PROBLEM — Pictures aside, print all of the data below exactly as written.

=== Begin Enclosure ===

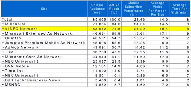 In a recent Nielsen report for US mobile display advertising, 4INFO tallied more than 63 million uniques for the month of September, or roughly 75% of the market. That put them in second place, ahead of Microsoft’s Extended Ad Network, Quattro, AdMob and Jumptap. Millennial was number one with 72 million uniques.
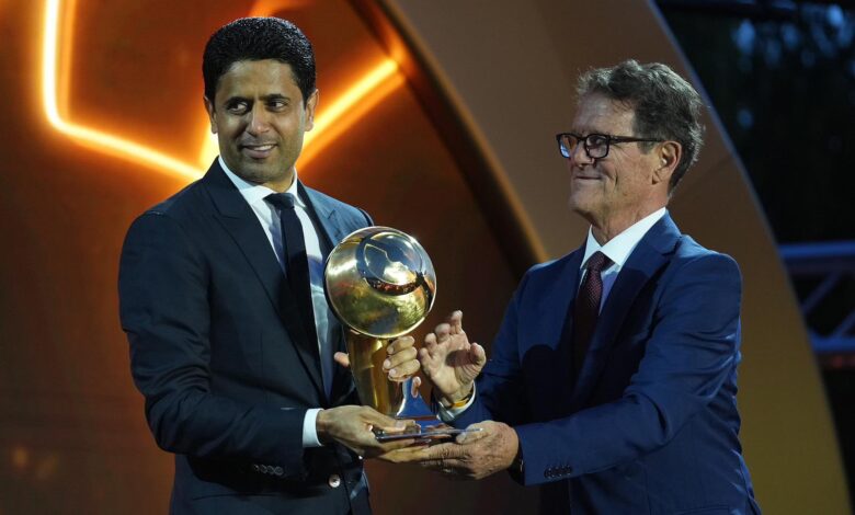 كوستا سميرالدا ـ سردينيا: فاز سعادة السيد ناصر الخليفي، رئيس رابطة الأندية الأوروبية ورئيس نادي باريس سان جيرمان، بجائزة الريادة في كرة القدم خلال حفل توزيع جوائز كافد غلوب سوكر الأوروبية بنسخته الأولى الذي أقيم بمنطقة كوستا سميرالدا في سردينيا الإيطالية.
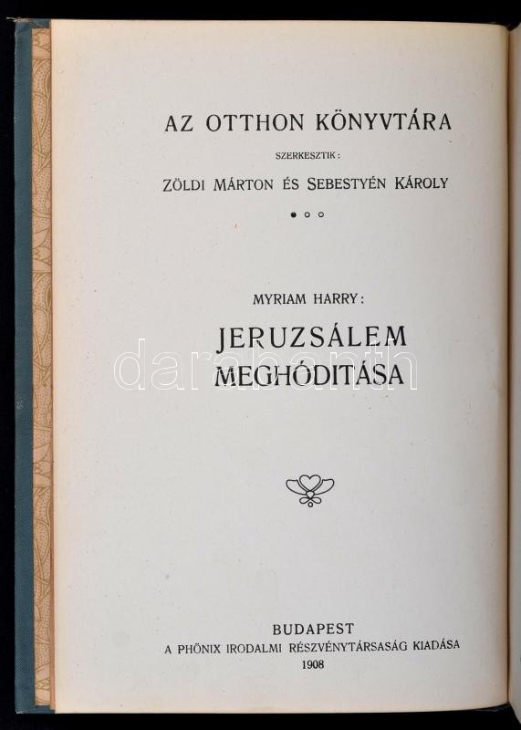 Az Otthon könyvtára sorozat 11 kötete Eredeti magyar novellák és elbeszélések I-II., Eredeti magyar novellák és elbeszélések IV. kötet: Hazai Hugó: A császár népei. Eredeti magyar novellák és elbeszélések V. kötet.: Majthényi József: Eredeti magyar novellák és elbeszélések. Egy vármegye a törökvilágban és egyéb elbeszélések. Ányos Gyula és egyéb elbeszélések. Révész Gyula: Az Urhiday-leányok. Antale France: A szilfák alatt. Myriam Harry: Jeruzsálem meghódítása I-II. Fordította Sebestyén Károlyné. Paul Marguerite-Viktor Marguerite: A gyermek-király. Bp.,1907-1908, Phönix,(Jókai-ny.) Kiadói aranyozott szecessziós egészvászon-kötés, márványozott lapélekkel, változó állapotban, többnyire kopott, foltos borítóval.
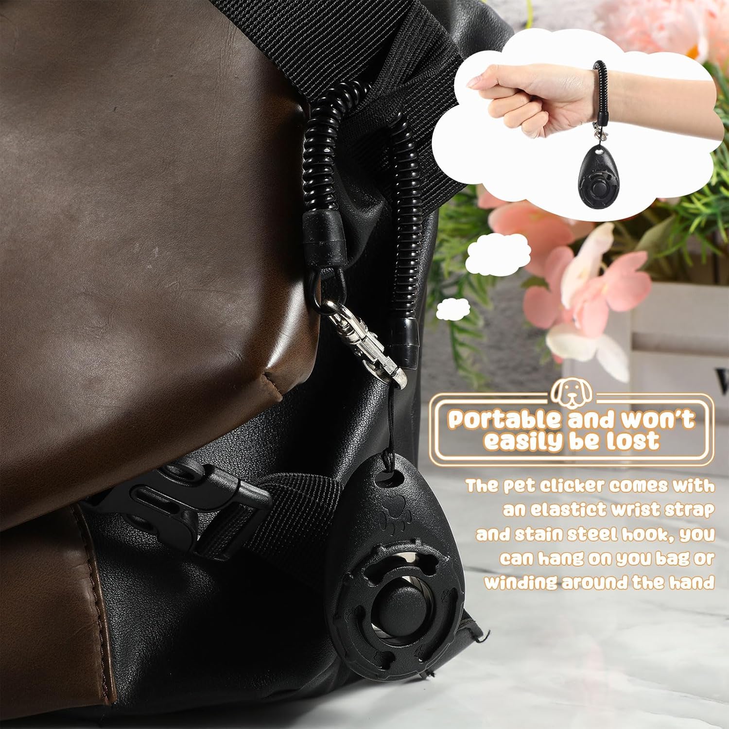 • Easy To Use: The Dog Training Clicker makes it comfortable and secure. It is attached to a keychain ring and elastic bracelet; Wear it on your wrist or hang it up or attach it to your handbag, so you don't drop it and can access easily and quickly; Wrist attachment makes it more comfortable and easier to hold onto, than box clickers when training your pet
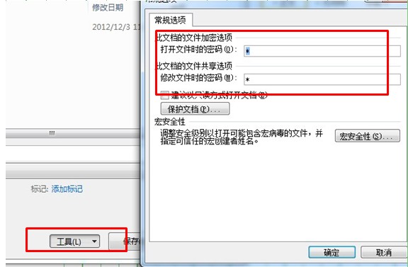在密码框里填上你的打开密码及修改密码后,保存就OK了
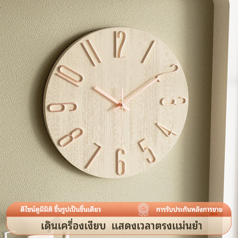 นาฬิกาแขวนผนังทรงกลมลายไม้ ขนาด 12 นิ้ว ดีไซน์ไร้กรอบ มีหลายสี สไตล์เรียบง่ายทันสมัย เดินเงียบ เหมาะสำหรับแขวนผนัง

=== End Enclosure ===

YOUR RESPONSE —
 In a recent Nielsen report for US mobile display advertising, 4INFO tallied more than 63 million uniques for the month of September, or roughly 75% of the market. That put them in second place, ahead of Microsoft’s Extended Ad Network, Quattro, AdMob and Jumptap. Millennial was number one with 72 million uniques.
 كوستا سميرالدا ـ سردينيا: فاز سعادة السيد ناصر الخليفي، رئيس رابطة الأندية الأوروبية ورئيس نادي باريس سان جيرمان، بجائزة الريادة في كرة القدم خلال حفل توزيع جوائز كافد غلوب سوكر الأوروبية بنسخته الأولى الذي أقيم بمنطقة كوستا سميرالدا في سردينيا الإيطالية.
 Az Otthon könyvtára sorozat 11 kötete Eredeti magyar novellák és elbeszélések I-II., Eredeti magyar novellák és elbeszélések IV. kötet: Hazai Hugó: A császár népei. Eredeti magyar novellák és elbeszélések V. kötet.: Majthényi József: Eredeti magyar novellák és elbeszélések. Egy vármegye a törökvilágban és egyéb elbeszélések. Ányos Gyula és egyéb elbeszélések. Révész Gyula: Az Urhiday-leányok. Antale France: A szilfák alatt. Myriam Harry: Jeruzsálem meghódítása I-II. Fordította Sebestyén Károlyné. Paul Marguerite-Viktor Marguerite: A gyermek-király. Bp.,1907-1908, Phönix,(Jókai-ny.) Kiadói aranyozott szecessziós egészvászon-kötés, márványozott lapélekkel, változó állapotban, többnyire kopott, foltos borítóval.
 • Easy To Use: The Dog Training Clicker makes it comfortable and secure. It is attached to a keychain ring and elastic bracelet; Wear it on your wrist or hang it up or attach it to your handbag, so you don't drop it and can access easily and quickly; Wrist attachment makes it more comfortable and easier to hold onto, than box clickers when training your pet
在密码框里填上你的打开密码及修改密码后,保存就OK了
 นาฬิกาแขวนผนังทรงกลมลายไม้ ขนาด 12 นิ้ว ดีไซน์ไร้กรอบ มีหลายสี สไตล์เรียบง่ายทันสมัย เดินเงียบ เหมาะสำหรับแขวนผนัง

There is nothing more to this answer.